A salient object is to minimize transient motions of the movable pinch roll perpendicular to the document transport direction, so that the pinch rolls remain in intimate contact with the document at all times. Such transient motions occur where there are gaps between documents, irregular thicknesses, and/or protrusions such as staples or folds.

As a feature hereof, damping is provided through the use of a flexible damping material, such as poly-urethane, that also serves as a pivot bearing.

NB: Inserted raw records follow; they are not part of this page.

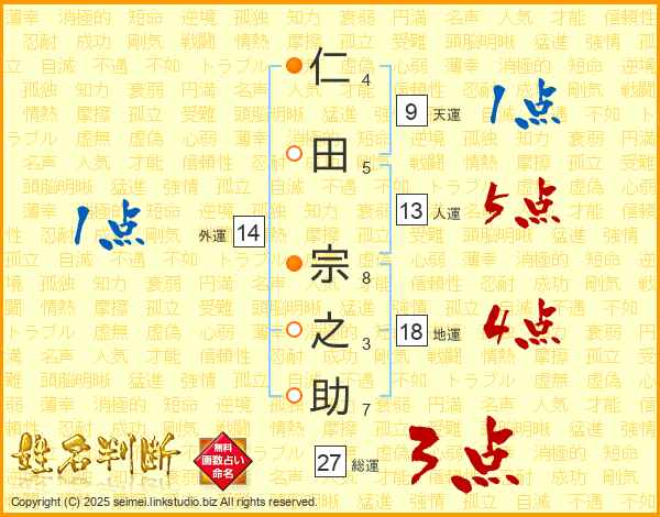 仁(4画)田(5画) 宗(8画)之(3画)助(7画)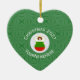 Christmas angel wears the flag of Bulgaria on this heart shaped ceramic ornament for Christmas decor. The Bulgarian angel flies in the centre of a white circle of squiggly squares surrounded by a background of green squiggly squares. Add a name to personalize. Add the year to customize. You can add your own text instead, if you wish.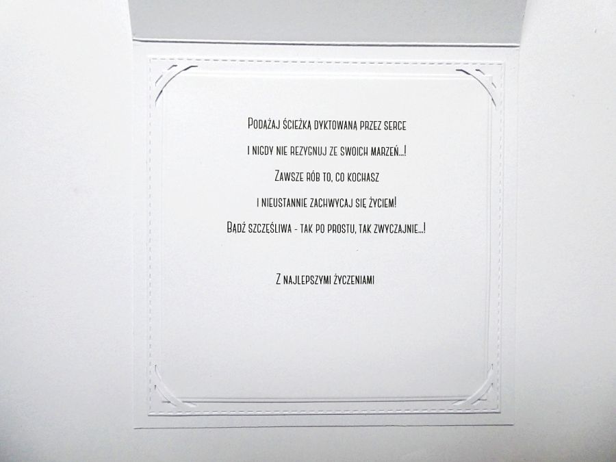 Kartka w środku ma wklejony biały karnecik, w którym umieszczona została wkładka z życzeniami.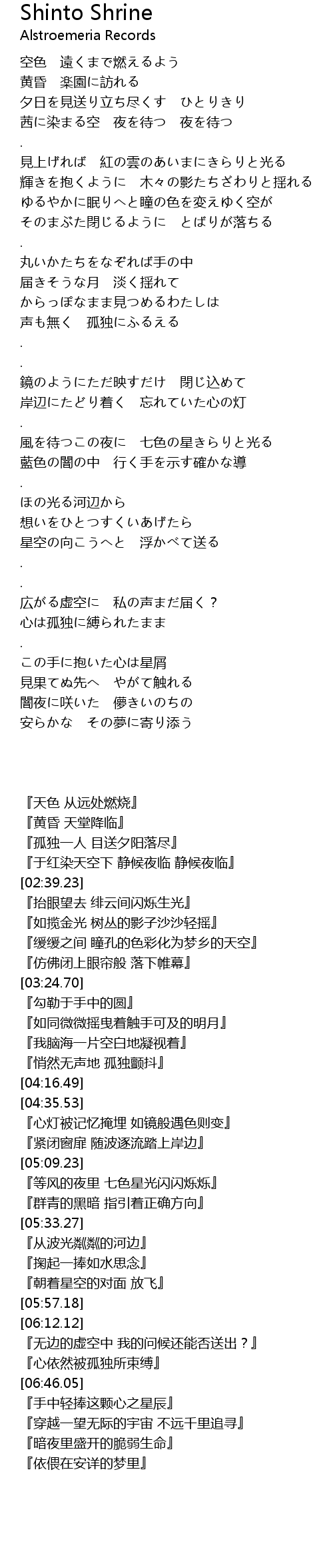 | [02:39.70] | 見上げれば 紅の雲のあいまにきらりと光る |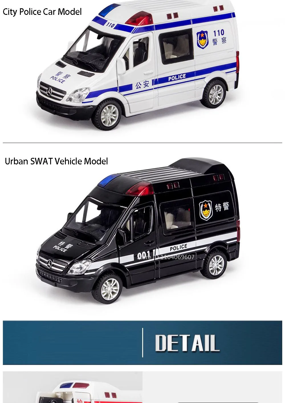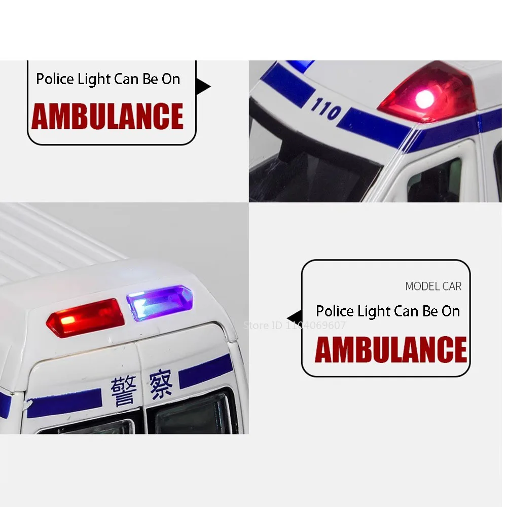 1:36 Scale City Ambulance Model Toy Cars Alloy Diecast SWAT Car Pull Back Sound Light Doors Opened Police Vehicle for Boys Gifts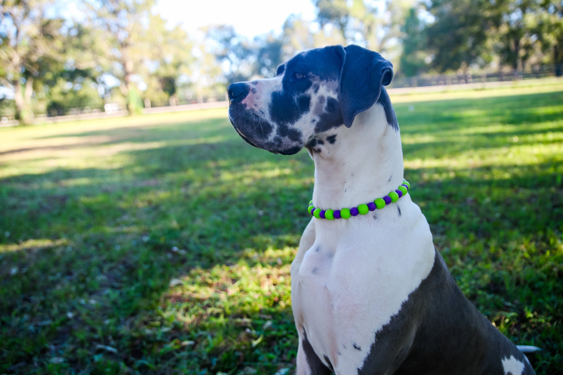 This Specific design is offered in 1 inch or 1/2inch biothane straps + silicone beads, O-Ring or Martingale Designs. O-Ring and Martingale Designs are custom to your pets neck. Bead sizes will vary based on sizing and design.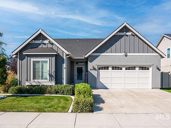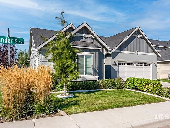 Located in Meridian’s sought-after Goldengrove community, this 2019 single-level home offers 4 bedrooms, 2 bathrooms, and 1,803 sq ft of well-designed living space. The open layout features a cozy gas fireplace and abundant natural light throughout. The kitchen is equipped with granite countertops, a spacious island, stainless steel appliances, a corner pantry, and rich dark-stained cabinetry. The primary suite includes a walk-in closet and a private bath with dual vanities, a soaker tub, and separate shower. Additional upgrades include LVP flooring, a water softener, and an epoxy-coated garage floor. This home comes fully equipped with backyard landscaping, established fencing, window blinds, and a pergola-covered patio—details that make moving in easy. Just minutes from grocery stores, coffee shops, and local dining, it’s a turnkey home in a prime location.

A means of assembly prevents the damping material from experiencing a "static pre-load", and avoids related creep problems in the flexible damping material.

It is of particular interest to mount a movable pinch-roll or the like on an arm cantilevered-out from a pivot point defined by a fixed shaft, with this shaft surrounded by two concentric hollow cylinders plus intermediate high-damping elastomeric material, as in FIG. 1.

Additionally, a resilient pre-load is preferably applied as in FIG. 1A (e.g. via a flexure).

Thus, it is an object hereof to address (at least some of) the aforementioned problems, and to provide the herein-cited advantages and functions. A related object is to provide a moving pinch-roll mounted on a pivot arm, whose pivoting is resiliently resisted by flexible damping material.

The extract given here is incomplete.